Yi Zhao has earned a national reputation for his innovative lighting designs. Zhao draws upon his training in photography and the arts to create subtle and thoughtful designs that serve a wide variety of theatre productions and aesthetics. His national credits include a staging of Plato’s Republic by Brooklyn company Hoi Polloi; the world premiere of Branden Jacobs-Jenkins’s War at Yale Repertory Theatre; Hamlet at Philadelphia’s Wilma Theatre (directed by Vilcek Prizewinner Blanka Zizka); and Futurity, presented by Ars Nova and Soho Rep (directed by fellow Creative Promise Prizewinner Sarah Benson). Zhao was born in China. 

The winners of the Vilcek Prizes for Creative Promise in Biomedical Science are:

Fernando Camargo’s work has led to major technical advances in researchers’ ability to track circulating blood and immune cells, and it has uncovered insights into their origins. Contrary to a long-held view that blood cells arise from hematopoietic stem cells, Camargo showed that blood cells are generated by progenitor cells. Because progenitor cells are more abundant and long-lived than hematopoietic stem cells, the findings bear implications for improving the efficacy of blood transplantation. Camargo has also unraveled the role of a cellular signaling protein called Yap1, which controls cell growth and organ size. He is working on developing ways to boost or suppress Yap1 in cells for an array of clinical applications. Camargo, an associate professor at Harvard University and Boston Children’s Hospital, was born in Peru.
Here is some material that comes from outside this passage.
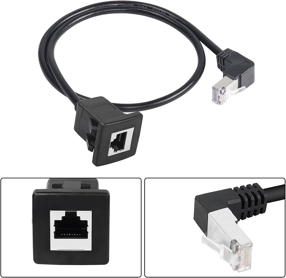 Cavo di prolunga per montaggio A pannello da 90 gradi RJ45 A maschio A femmina, supporto Ethernet Cat 5e/Cat 6-10 pollici (verso l'alto 【Ampia applicazione】L'adattatore per cavo di prolunga Cat5e per presa con RJ45 è comunemente utilizzato in ambienti di rete Ethernet, Gigabit Ethernet, che possono essere utilizzati per collegare dispositivi di rete come desktop, laptop, router, TV box, stampanti, ecc. 【Design versatile】Il cavo di prolunga RJ45 femmina con viti può essere fissato sul pannello, fornendo 4 angoli da scegliere (su/giù/sinistra/destra); il design di angoli diversi può essere utilizzato per le diverse esigenze dello spazio ristretto, come TV, chassis di computer, angoli, cablaggio a parete e così via. YACSEJAO Cat5e/Cat5 Ethernet RJ45 maschio a femaleinstallation vite bordo rete Patch Cords Specifiche: Connettore 1: Spina RJ45 maschio ad angolo retto Connettore 2: RJ45 femmina jack per montaggio a pannello Materiale: plastica + rame Lunghezza del cavo: 60cm/23,6in Velocità di trasmissione: fino a 1000Mbps Calibro del conduttore: 26 AWG (diametro del filo 0,4 mm) Larghezza di banda di trasmissione: 100Mhz Caratteristiche: 1. Il design a 90 gradi può facilmente far fronte a diversi spazi ristretti, risparmiando così spazio. 2. Il pannello femmina RJ45 con viti può essere fissato, non è facile da perdere; 3. Facile da estendere il cavo di rete, risolve il problema del cavo non abbastanza lungo. 4. Alta velocità di trasmissione, trasmissione del segnale stabile Pacchetto incluso: 1 x cavo di prolunga RJ45 con pannello a vite Nota: si prega di confermare la direzione dell'angolo del connettore RJ45 a 90 gradi di cui si ha bisogno prima dell'acquisto per evitare di effettuare un ordine errato. Supportando una larghezza di banda di 100MHz, è in grado di fornire prestazioni di trasmissione stabili. Lan Presa GELRHONR Cavo Di Prolunga Ethernet, RJ45 Cavo Patch Di Rete Cavo Da Rj45 Maschio 【Compatibilità】La velocità di trasmissione Cat5e fino a 1000 Mbps soddisfa la domanda di Gigabit Ethernet ed è compatibile con i cavi Cat 5 Ethernet.

Roberta Capp found that, largely due to systemic barriers to primary care, many patients on Medicaid often depend on emergency departments for non-urgent conditions. To address the issue, Capp conducted a trial program with patient navigators, trained professionals who work closely with patients to help them obtain timely primary care from diagnosis to follow-up. The trial showed that such services made a significant dent in emergency-department use and hospital admissions.  Capp is working with Medicaid officials in Colorado to improve health care access and delivery for underserved communities. Her work has implications for making health care accessible, affordable, and patient-centered. Capp is an assistant professor at the University of Colorado School of Medicine, and she was born in São Paulo, Brazil. 

Houra Merrikh’s work on the mechanics of DNA replication and gene expression in cells has uncovered hidden conflicts between the cellular machines that use threads of DNA as a template to carry out these life-sustaining functions. Merrikh has shown that such conflicts can lead to genetic mutations, which can serve as a substrate for evolution. More importantly, such mutations may underlie a raft of clinically relevant phenomena, such as the development of antibiotic resistance in bacteria and the onset of cancer in human cells. By unraveling the mechanism of the conflicts, which appear to be a common feature among genes, Merrikh’s work has thrown open a window on the molecular minutiae of gene evolution. She is now exploring precise ways to predict how such conflicts influence human disease.  Merrikh is an assistant professor at the University of Washington School of Medicine and was born in Tehran, Iran. 

The prizewinners were selected by panels of experts in each field; they will be honored at an awards gala in New York City in April 2016.